Martha laughed. ‘Oh, him? That's me youngest, James. Number Nine is his nickname.'

‘And where is he? Do you know his address?'

With considerable pride, she told him that she certainly knew his address: he was in Manchester, doing a stint as assistant priest. ‘But he don't know where I am. There was nobody here to write to him for me. And I don't have no money for a stamp.'

The doctor looked dumbfounded. ‘Nobody could write for you?'

‘No, sir.'

The Matron fidgeted uncomfortably: the doctor's examination of his patients was going much further than she had expected. She realised, too, that in this case, the next of kin had, somehow, been omitted from her meticulously kept records.
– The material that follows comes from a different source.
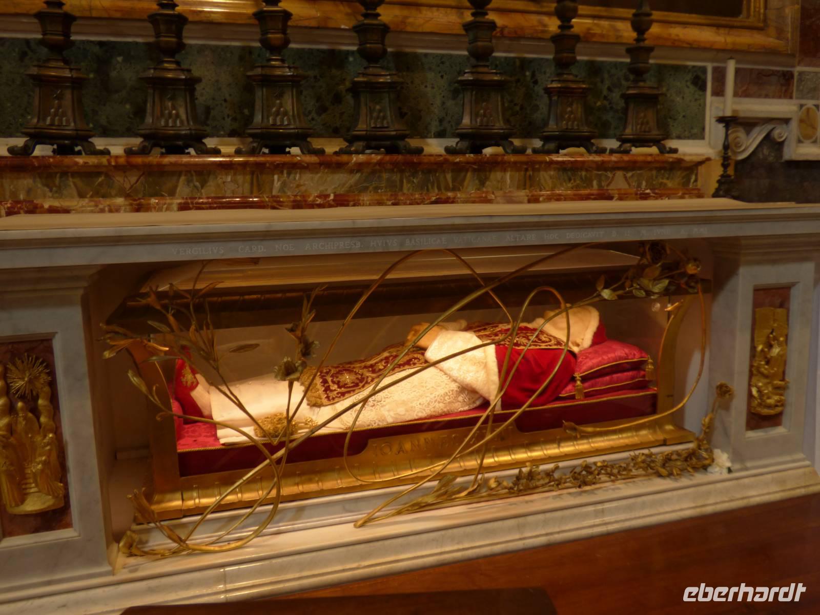 Umgeben von riesigen Kunstwerken, u.a. aus Michelangelo's Fantasien in Form der Pietá, kamen wir stellenweise aus dem Staunen nicht heraus. In jeder Nische des heiligen Ortes wartete eine andere Überraschung auf uns. Für manchen Papst wurde kein Denkmal gefertigt, da der Nachfolger keine geldlichen Mittel zur Verfügung hatte bzw. nehmen wollte. Manch anderer konnte wiederum in voller Pracht in seinem gläsernen Sarg bestaunt werden.
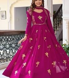 Magenta faux georgette anarkali suit with thread & sequin work full stitched salwar kameez

As far as she could see, it was the first technical error that Dr Williams had found in his inquiries about her patients.

‘Surely, Mrs Connolly, anybody would have done that for you,' the doctor protested.

‘There was nobody who come to speak to me, except Angie – she's the aide – and she don't have
time to breathe, with sixty patients.' She paused, and then went on, her voice trembling at the recollection, ‘For ages, nobody but me in this ward could even speak or do anything: they was paralysed, or like them over there.' She pointed towards the dementias. ‘Not until Pat died; and Sheila, who you just seen next door, come in.'

The doctor decided that from somewhere he would have to get help: his practice had become so heavy that he could not take on much more. But to whom could he turn?

It can be safely assumed that the Holy Lady took note of the need for assistance from someone on earth who could be inspired to aid him and also give the Matron some guidance.

The doctor carefully lifted the bedclothes over Martha's naked legs, and promised to arrange exercise for her.

Dr Williams was a conscientious, well-respected man, but now he berated himself for having taken for granted Matron's goodwill towards her patients.

It was often said that there were two places in which you most needed a friend outside – when in hospital or when in gaol. Add to that a nursing home, particularly a privately owned one, he decided angrily.

It was certain that there had been neglect, and, in
some cases, malpractice, that the patients were too poor, too alone, too lacking in physical strength, often too ignorant, to defend themselves. They lacked someone to speak up for them.

The Matron had originally approached him to look after the medical needs of her patients, because, otherwise, the insurance company would have been chary about covering her.